Richard Francis Burton - Scandals

Scandals

Burton's writings are unusually open and frank about his interest in sex and sexuality. His travel writing is often full of details about the sexual lives of the inhabitants of areas he traveled through. Burton's interest in sexuality led him to make measurements of the lengths of the sexual organs of male inhabitants of various regions which he includes in his travel books. He also describes sexual techniques common in the regions he visited, often hinting that he had participated, hence breaking both sexual and racial taboos of his day. Many people at the time considered the Kama Shastra Society and the books it published scandalous.

Biographers disagree on whether or not Burton ever experienced homosexual sex (he never directly acknowledges it in his writing). Allegations began in his army days when General Sir Charles James Napier requested that Burton go undercover to investigate a male brothel reputed to be frequented by British soldiers. It has been suggested that Burton's detailed report on the workings of the brothel may have led some to believe he had been a customer. There is no documentary evidence that such a report was written or submitted, nor that Sir Charles ordered such research by Burton, and it has been argued that this is one of Burton's embellishments.

Burton was believed to have murdered the boy who caught him urinating in European fashion on the trip to Mecca (i.e. standing up instead of sitting down). Burton denied this, pointing out that killing the boy would almost certainly have led to his being discovered as an impostor. Burton became so tired of denying this accusation that he took to baiting his accusers. A doctor once asked him, "How do you feel when you have killed a man?" Burton retorted, "Quite jolly, what about you?" When asked by a priest about the same incident Burton is said to have replied "Sir, I'm proud to say I have committed every sin in the Decalogue."

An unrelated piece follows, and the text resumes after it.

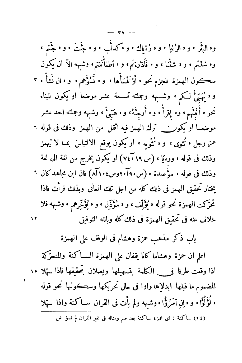 والبئر و / الرءيا / و / رءياك / و {كدأب} و {جِئْت} و {جئْتُمْ} و {شِئْتُم} و {شِئْنَا} و / فادارءتم / و {اطمأننتم} وَشبهه الا ان يكون سُكُون الْهمزَة للجزم نَحْو / أَو ننسأها / و {تسؤهم} و {إِن نَشأ} و {ويهيئ لكم} وَشبهه وَجُمْلَته تِسْعَة عشر موضعا اَوْ يكون للْبِنَاء نَحْو {أنبئهم} و {اقْرَأ} و / أرجئه / وهيىء وَشبهه وَجُمْلَته اُحْدُ عشر موضعا اَوْ يكون ترك الْهَمْز فِيهِ اثقل من الْهَمْز وَذَلِكَ فِي قَوْله عز وَجل / تؤى / و / تؤيه / اَوْ يكون يُوقع الالتباس بِمَا لَا يهمز وَذَلِكَ فِي قَوْله / ورءيا / اَوْ يكون يخرج من لُغَة الى لُغَة وَذَلِكَ فِي قَوْله {مؤصدة} فان ابْن مُجَاهِد كَانَ يخْتَار تَحْقِيق الْهَمْز فِي ذَلِك كُله من اجل تِلْكَ الْمعَانِي وَبِذَلِك قَرَأت فاذا تحركت الْهمزَة نَحْو قَوْله {يؤلف} و {مُؤذن} و {يؤخرهم} وَشبهه فَلَا خلاف عَنهُ فِي تَحْقِيق الْهمزَة فِي ذَلِك كُله وَبِاللَّهِ التَّوْفِيق - صَلَّى اللَّهُ عَلَيْهِ وَسَلَّم َ - بَاب ذكر مَذْهَب حَمْزَة وَهِشَام فِي الْوَقْف على الْهمزَة

These allegations coupled with Burton's often-irascible nature were said to have harmed his career and may explain why he was not promoted further, either in army life or in the diplomatic service. As an obituary described: "... he was ill fitted to run in official harness, and he had a Byronic love of shocking people, of telling tales against himself that had no foundation in fact." Ouida reported that "Men at the FO ... used to hint dark horrors about Burton, and certainly justly or unjustly he was disliked, feared and suspected ... not for what he had done, but for what he was believed capable of doing". Whatever the truth of the many allegations made against him, Burton's interests and outspoken nature ensured that he was always a controversial character in his lifetime.